◆ **Exercise instructions**
Beginning with the line that holds "Әлмәт курчак театры", output every remaining line of the material below exactly, and include none of the pictures.

[Information provided Boundary: Start]

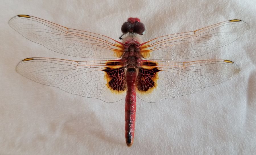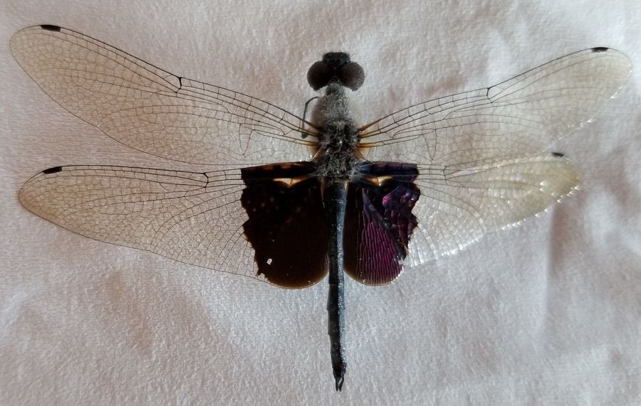 Possibly a Phantom Flutterer ( Rhyothemis semihyalina ) I was really intrigued by the architecture of the front and back edges of the wings. I assume these microscopic bristle-like structures play a role in the ability of these creatures to hover in place in the air.
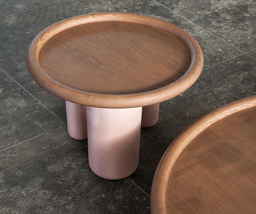 Zaprojektowane przez Studiopepe, stoliki kawowe Pluto to przede wszystkim rzeźbiarskie kształty i odważne detale, które przywodzą na myśl kubizm. Dostępne w dwóch rozmiarach, stoliki składają się z blatu z litego drewna z byczą krawędzią i trzech masywnych betonowych nóg o różnych średnicach, które nadają stolikowi pionowy ruch. W zależności od perspektywy widza, jego wygląd wydaje się zmieniać.
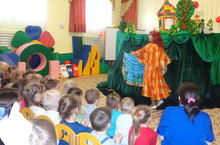 Әлмәт курчак театры балаларга " Рыжик исемле төлке һәм Алина исемле кыз"дигән спектакль күрсәтте. Балалар бик кызыксынып, игътибар белән вакыйгалар агышып күзәттеләр, рәхәтләнеп көлделәр, кул чаптылар, сорауларга җаваплар бирделәр. Спектаклҗ бик матур булды.
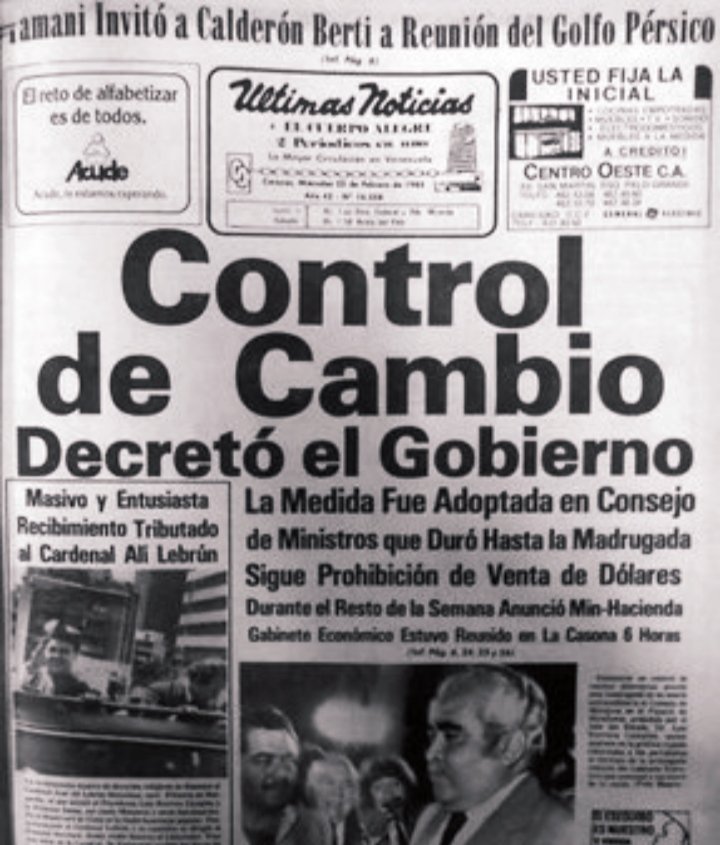 Es así como apenas los precios del petróleo se vinieron abajo y con ellos las reservas internacionales. El gobierno del presidente Luis Herrera Campins (1979-1984) se percata del riesgo de fracturar las importaciones y de caer en insolvencia para pagar la deuda. Entonces decide devaluar, acabar con el 4,30. Eso sí, los mismos que sacaban los dólares baratos del país, usaron sus privilegios para informarse de la venidera devaluación, y se atosigaron de más divisas.
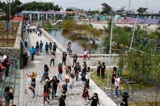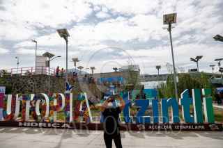 CIUDAD DE MÉXICO, 24OCTUBRE2021.- Clara Brugada, alcaldesa de Iztapalapa y Paco Ignacio Taibo II inauguraron "Utopía Hídrica Atzintli", un espacio público de casi 36 mil 500 metros cuadrados de instalaciones culturales, deportivas, sociales y recreativas en beneficio de miles de habitantes de la Sierra de santa Catarina. FOTO: MOISÉS PABLO/CUARTOSCURO.COM

[Information provided Boundary: End]

◆ **Exercise solution**
 Әлмәт курчак театры балаларга " Рыжик исемле төлке һәм Алина исемле кыз"дигән спектакль күрсәтте. Балалар бик кызыксынып, игътибар белән вакыйгалар агышып күзәттеләр, рәхәтләнеп көлделәр, кул чаптылар, сорауларга җаваплар бирделәр. Спектаклҗ бик матур булды.
 Es así como apenas los precios del petróleo se vinieron abajo y con ellos las reservas internacionales. El gobierno del presidente Luis Herrera Campins (1979-1984) se percata del riesgo de fracturar las importaciones y de caer en insolvencia para pagar la deuda. Entonces decide devaluar, acabar con el 4,30. Eso sí, los mismos que sacaban los dólares baratos del país, usaron sus privilegios para informarse de la venidera devaluación, y se atosigaron de más divisas.
 CIUDAD DE MÉXICO, 24OCTUBRE2021.- Clara Brugada, alcaldesa de Iztapalapa y Paco Ignacio Taibo II inauguraron "Utopía Hídrica Atzintli", un espacio público de casi 36 mil 500 metros cuadrados de instalaciones culturales, deportivas, sociales y recreativas en beneficio de miles de habitantes de la Sierra de santa Catarina. FOTO: MOISÉS PABLO/CUARTOSCURO.COM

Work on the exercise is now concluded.